The Impact of Pope Resources

In the wake of the Pope Resources decision, parties facing liability for Washington claims falling within the coverage grant of insurance policies that have ostensibly been annulled by an insured’s prior policy release or buy-back agreement should consult legal counsel as to whether RCW 48.18.320 renders that agreement unenforceable. If so, those parties can potentially access the subject policies and lines of coverage, unaffected by the void buy-back provision. This could result in significant insurance proceeds becoming available, as older occurrence-based liability policies often do not contain aggregate policy limits, and therefore may not be exhausted if there is a separate occurrence.

Of similar importance to policyholders is the Court’s dismissal of the argument that, whether under severability provisions in the settlement agreement or under common law, the clauses offending RCW 48.18.320 could be severed from the agreement’s remaining terms.

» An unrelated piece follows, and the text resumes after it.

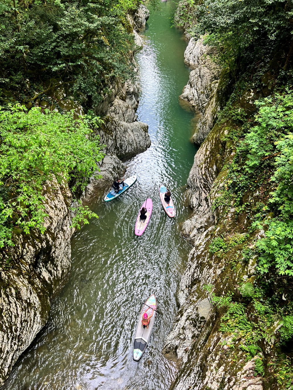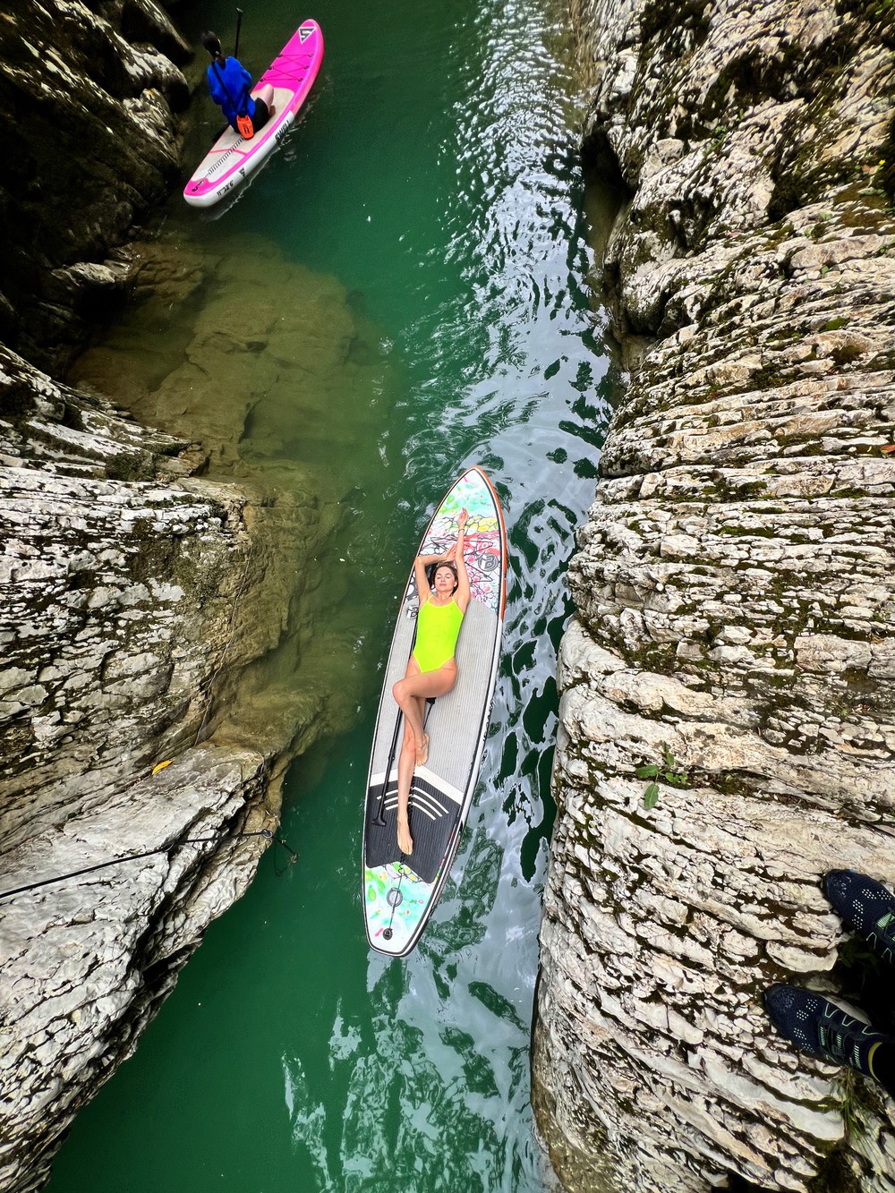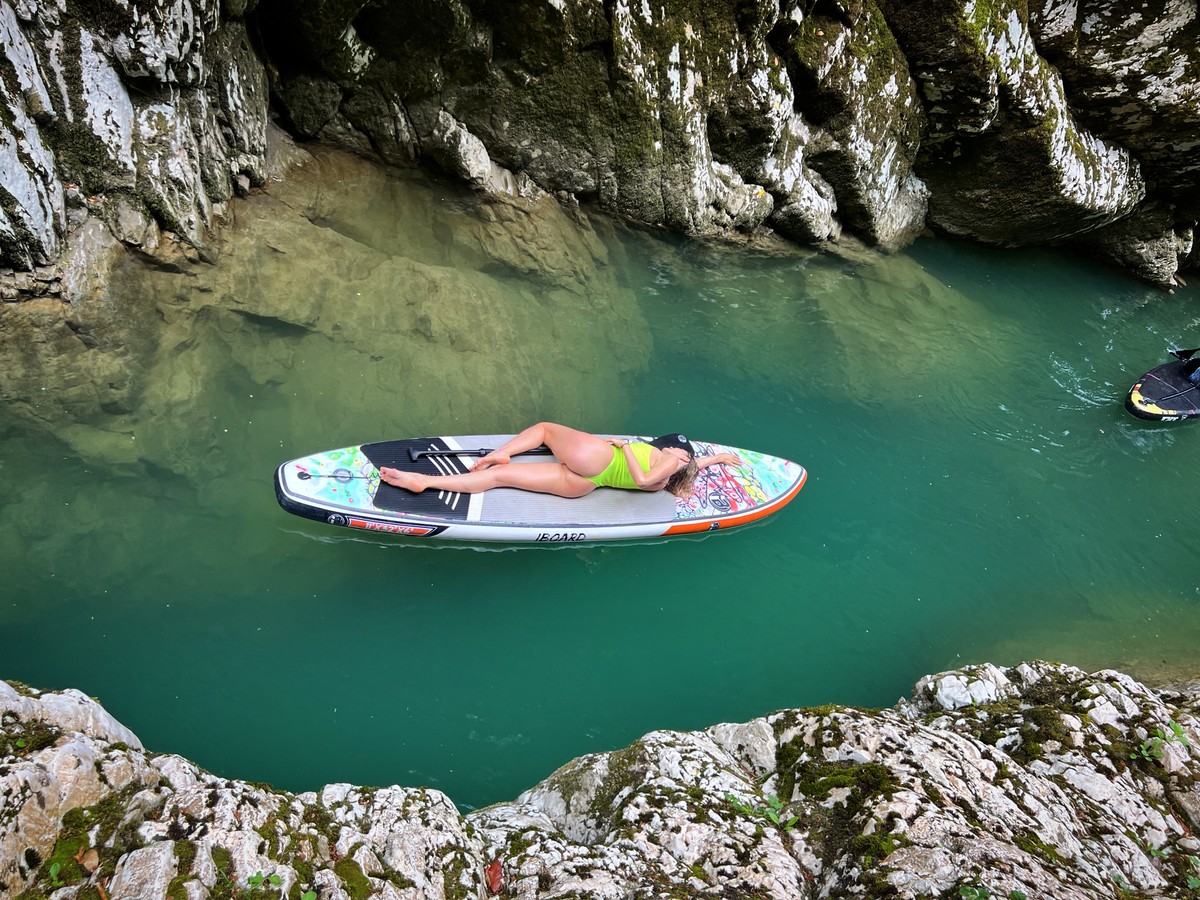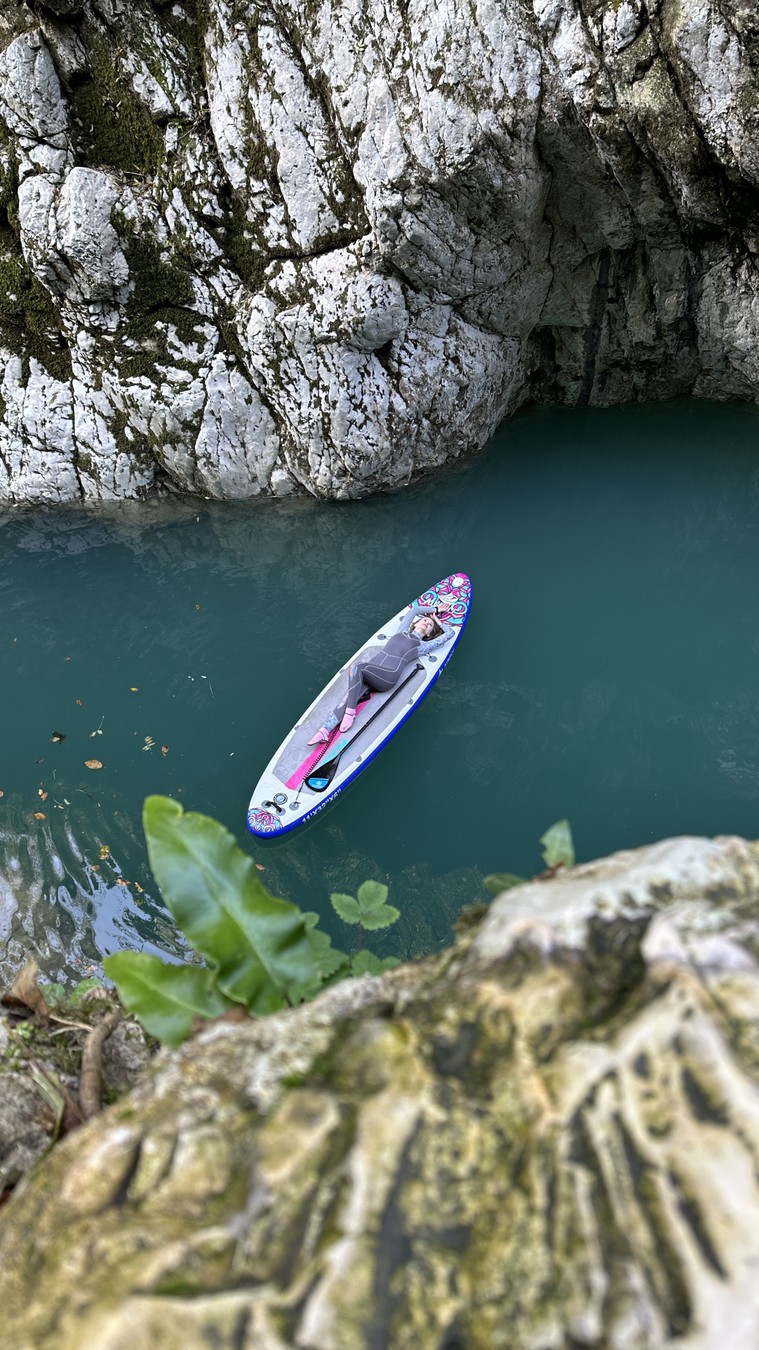 " Круглый год (да, катаемся даже зимой и не замерзаем!) вас ждёт сап-прогулка по живописному каньону, созданному природой. Величество отвесных скал, кристально чистая бирюзовая вода в окружении зелени подарят вам ощущение гармонии и умиротворения. "

To the Court, neither a severability provision nor common law is applicable where, as in Pope Resources, the agreement’s essential terms are prohibited by statute and were prohibited when the contracts were formed. In effect, the entire agreement between an insurer and its insured can be unwound if it is found to violate RCW 48.18.320.

Policyholders should therefore have legal counsel review any agreement with an insurer after a covered loss in Washington, and review older agreements giving up insurance rights if a new claim is asserted. In light of Pope Resources, it may be possible to revive insurance rights that were considered gone.